La Palestina è un'area della regione del Mediterraneo orientale, che comprende parti di quello che divenne lo Stato di Israele nel 1948, e i territori palestinesi della Striscia di Gaza lungo la costa del Mar Mediterraneo e la Cisgiordania a ovest del fiume Giordano.

2. Insediamenti/occupazione ebraici in Palestina: un rapporto

Figlio di padre ungherese e madre viennese, entrambi ebrei benestanti e istruiti, era uno studente “prodigio”, interessato alla matematica e alle scienze. Nel 1925, all'età di 20 anni, un anno prima di laurearsi al Politecnico di Vienna, abbandonò gli studi, un atteggiamento insolito tra i giovani di quei decenni, il cui comune denominatore era la sensazione di assurdità di vivere in un mondo che non aveva senso. .

Queste preoccupazioni di fronte a un mondo in cui si cercava l'infinito e guidato da ossessioni attorno all'assoluto si sono rivelate sterili. Di fronte a queste frustrazioni e perplessità, ora cerca un sostituto, a sostituzione, in utopie di un tipo o dell'altro. Motivato da simili ricerche, come ci racconta, viene condotto prima nella Terra Promessa, poi presso il Partito Comunista.
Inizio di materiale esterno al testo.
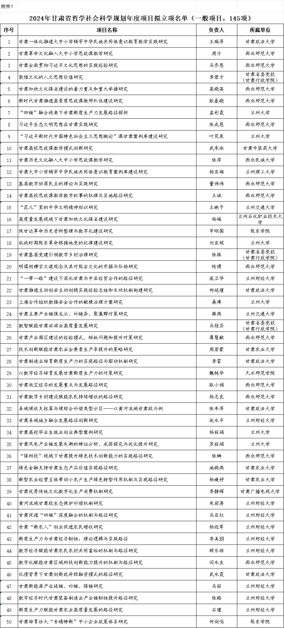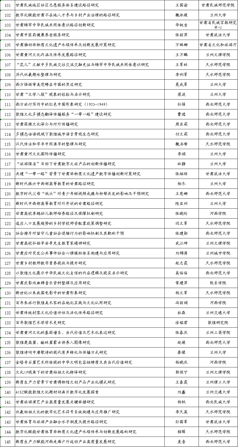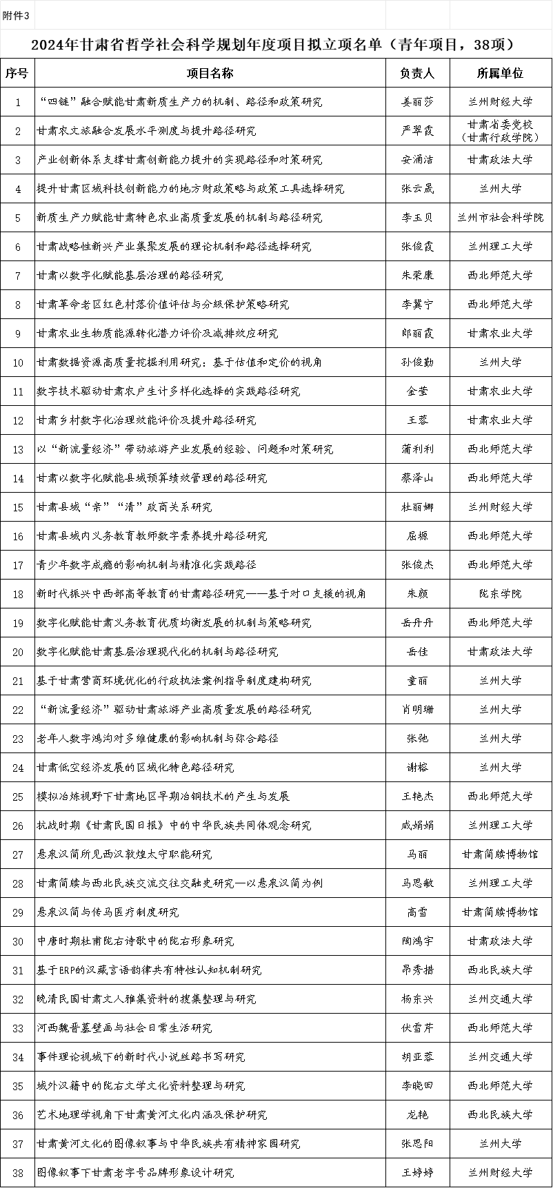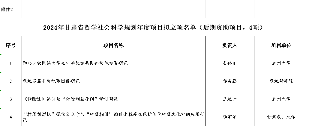 根據(jù)《甘肅省哲學(xué)社會(huì)科學(xué)規(guī)劃項(xiàng)目管理辦法》有關(guān)規(guī)定,經(jīng)中共甘肅省委宣傳部組織評審和會(huì)議研究,現(xiàn)將2024年省哲學(xué)社會(huì)科學(xué)規(guī)劃年度項(xiàng)目擬立項(xiàng)名單予以公示。公示時(shí)間為2024年9月2日至9月6日(5個(gè)工作日)。公示期間如有異議,請以書面形式向省委宣傳部反映,并提供必要的證據(jù)材料,以便核實(shí)查證。提出異議者須提供本人真實(shí)姓名、工作單位、聯(lián)系電話等有效聯(lián)系方式,凡匿名或超出期限的不予受理。

Così, nel 1925, dopo aver abbandonato gli studi e seguito un flusso di ebrei iniziato già nel decennio precedente, andò a vivere in un kibbutz in Palestina.

Nel 1931, all'età di 26 anni, già uno dei principali giornalisti in Germania, si iscrisse al Partito Comunista, seguendo, come dice lui, una citazione di Pablo Picasso, “come se andasse a una fonte d'acqua fresca”. Nel 1932 si recò in Unione Sovietica dove rimase per circa un anno.

Conosciuto a livello internazionale per il libro Oscurità a mezzogiorno (1940), pubblicato in Brasile da Editora Globo nel 1964 come Zero e infinito, una delle più devastanti calunnie antistaliniste, romanza il processo a Bukharin, nei cosiddetti Processi di Mosca.

Fu incarcerato più volte in diversi paesi, nella Spagna franchista, in Francia, come immigrato indesiderato allo scoppio della guerra, internato nel campo di concentramento di La Vernet, sebbene volesse arruolarsi come combattente nell'esercito francese, cosa che fece. quando più tardi entrò nella Legione Straniera; in Inghilterra, per sei settimane, per essere entrato con documenti falsi nel pieno dell'isteria nei confronti delle Quinte Colonne, di fronte alla paura collettiva di spie infiltrate, quando anche lui voleva arruolarsi nell'esercito inglese.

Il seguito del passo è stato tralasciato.